En grandissant, elles se ressemblaient de plus en plus si bien qu’il devenait difficile de les distinguer. Ça ne les rapprochait pas pour autant.
Battantes !! elles l’étaient ! La résultante d’heures d’entrainement acharnées, toujours vocalisées sur leur ligne d’arrivée. Elles savaient se projeter et bien viser pour atteindre leurs buts ! Elles reconnaissaient cette qualité en chacune d’elle et l’appréciait ; Toutefois, secrètement. Elles donnaient la chair de poule quand elles décrivaient les sensations qui les animaient lors d’un cent mètre. Dans les starting- blocks, les sourcils légèrement froncés, elles ne visualisaient que la médaille d’or.
Le 27 février, au lendemain de leur 18ème anniversaire les sœurs allaient concourir pour la première fois l’une contre l’autre. Le championnat des Régions Outres Mers avait lieu cette année-là au creps Antilles-Guyane de Guadeloupe. Toutes les deux étaient favorites ! La préparation s’est faite avec animosité du côté d’Ericka. La course serait la course ! La victoire à tout prix ! S’il arrivait quelque chose à sa sœur pour conforter sa position à elle, elle ne se sentirait pas malheureuse. Enfin... Ericke le savait mais elle restait imperturbable, concentrée sur son objectif également et faisait mine de ne rien capter des coups bas de sa sœur.
Par tirage au sort les filles se retrouvaient côte à côte. Monsieur et Madame Galas ne pouvaient empêcher ce qu’ils redoutaient, en revanche ils accusaient tout le stress que cette situation occasionnait.

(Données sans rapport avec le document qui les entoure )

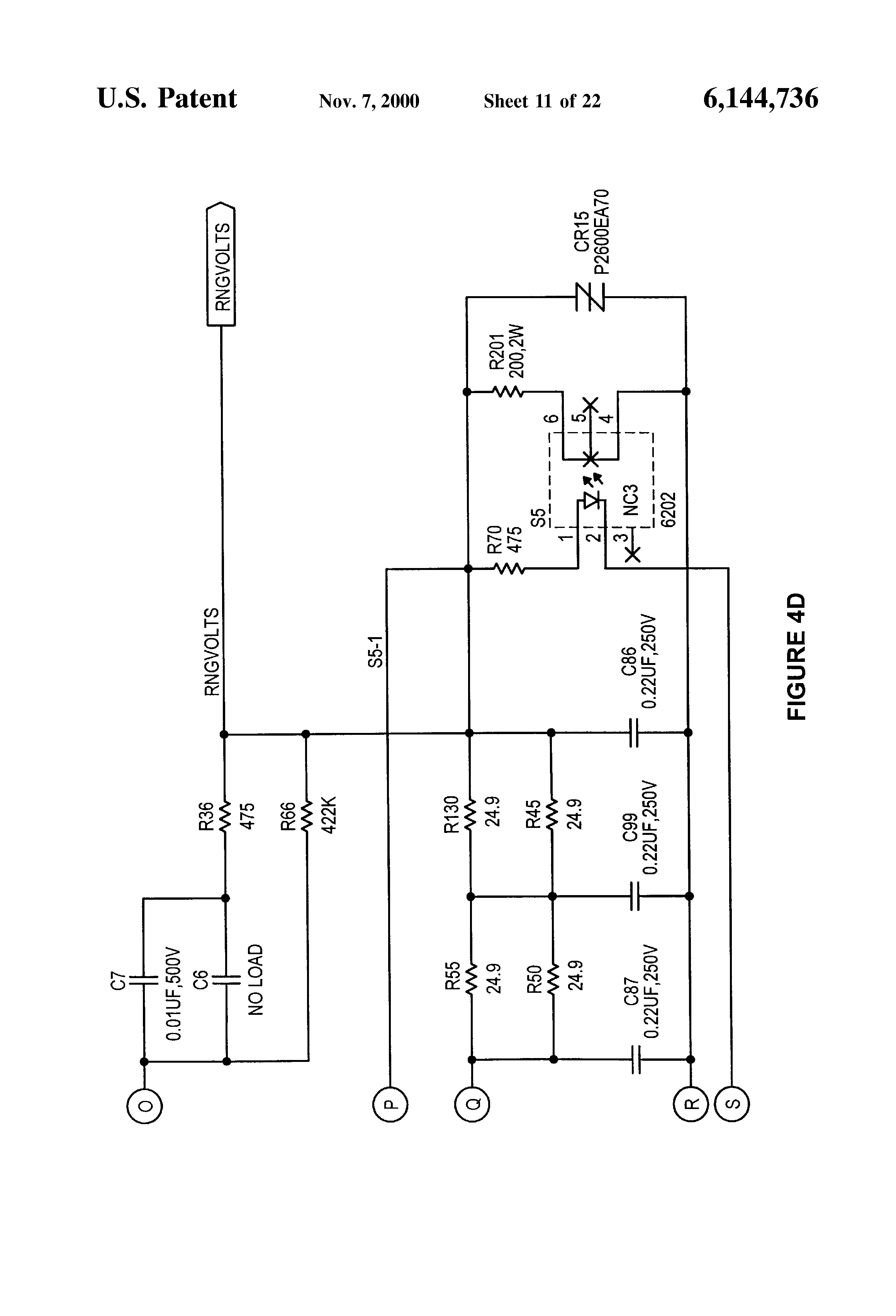 1. A floating filter for powering telephone line circuits functioning to attenuate AC ripple noise without the use of large capacitances, comprising: an input having a voltage with AC and DC components; an output having a voltage; a return path; a load resistor R75; a voltage regulator; a voltage divider having an output; a capacitance in parallel with the output of the voltage divider; said voltage regulator having an input terminal connected to said input, an output terminal connected to said output and an adjust terminal; said voltage divider comprising a first resistor R73 connected to the input terminal and the adjust terminal of the voltage regulator; said voltage divider further comprising a second resistor R74 and a capacitor C28 each connected to the adjust terminal of the voltage regulator, and each connected to the return path; said load resistor R75 connected to said output terminal of said voltage regulator and said return path, the output voltage of the floating filter equaling a filtered proportion of the value of the rectified AC input voltage, thereby reducing a ripple noise; wherein a low-pass filter network is formed with resistors (R73,R74) and the capacitor (C28) said network removing the high frequency (audible) components from the error/feedback signal and further allowing a regulator adjustment node (U10) to float and follow the slowly changing (sub-audible) DC+AC input voltages, providing AC ripple rejection without the inherent excessive power dissipation of a fixed output regulator; and wherein the low-pass filter network has a steady state (DC) output of less than an average of the input voltage. 2. The floating filter of claim further comprising: a filter capacitor C13 connected to said input terminal of said voltage regulator and to said return path; and a filter capacitor C31 connected to said output terminal of said voltage regulator and to said return path. 3. The floating filter of claim 1 further comprising protection circuitry. 4. The protection circuitry of claim 3 further comprising: a zener diode CR22 see schematic (FIG. 7A) having a cathode connected to the output terminal of said voltage regulator, and an anode connected to the input terminal of said voltage regulator. 5. The protection circuitry of claim 3 further comprising: an automatic limiting device CR25 functioning to provide a low impedance when voltage (CR25) across the device exceeds a predetermined level connected to said output terminal, and said input terminal of said voltage regulator. 6. The protection circuitry of claim 3 further comprising: an automatic current limiting device functioning to limit current passing through the device when said current exceeds a predetermined level S9 inserted between said input and said input terminal of the voltage regulator. 7. The protection circuit of claim 3 further comprising: a diode CR27 having a cathode and an anode, said diode CR27 inserted between said output and said output terminal of said voltage regulator; said cathode of diode CR27 connected to said output terminal of said voltage regulator; and said anode of diode CR27 connected to said output. 8. The protection circuit of claim 3 further comprising: a diode CR26 having a cathode and an anode, said CR26 inserted between the said adjusted terminal of said voltage regulator; said cathode of diode CR26 connected to said adjust terminal of said voltage regulator U3; and said anode of diode CR26 connected to said intersection of resistors R73, R74 and capacitor C28. 9. The floating filter of claim 1 wherein the voltage regulator is a three terminal voltage regulator. 10. The apparatus of claim 1, wherein the AC ripple noise output voltage is attenuated by a factor greater than one. 11. The apparatus of claim 1, wherein the voltage divider formed by R73 & R74 is designed to reduce the output voltage by approximately 20%. 12. The apparatus of claim 1, wherein the values of the low-pass network are selected to attenuate 50 Hz or greater ripple by a factor as high as 100.

Ce jour-là, à 15h10 le nom des sprinteuses, leurs couloirs et dossards étaient annoncés ! Au signal les filles étaient parties comme une seule personne, l’une entendait le souffle de l’autre aux couloirs trois et quatre. Leurs bras et leurs jambes exécutaient respectivement un balancement et des foulées très synchronisés. En tête de course avec environ 3 secondes d’avance sur la redoutable sprinteuse réunionnaise, les jumelles fonçaient droit devant ! L’une et l’autre voyaient déjà l’or ! A l’unissons leurs cœurs battaient ! Plus qu’un seul cœur !!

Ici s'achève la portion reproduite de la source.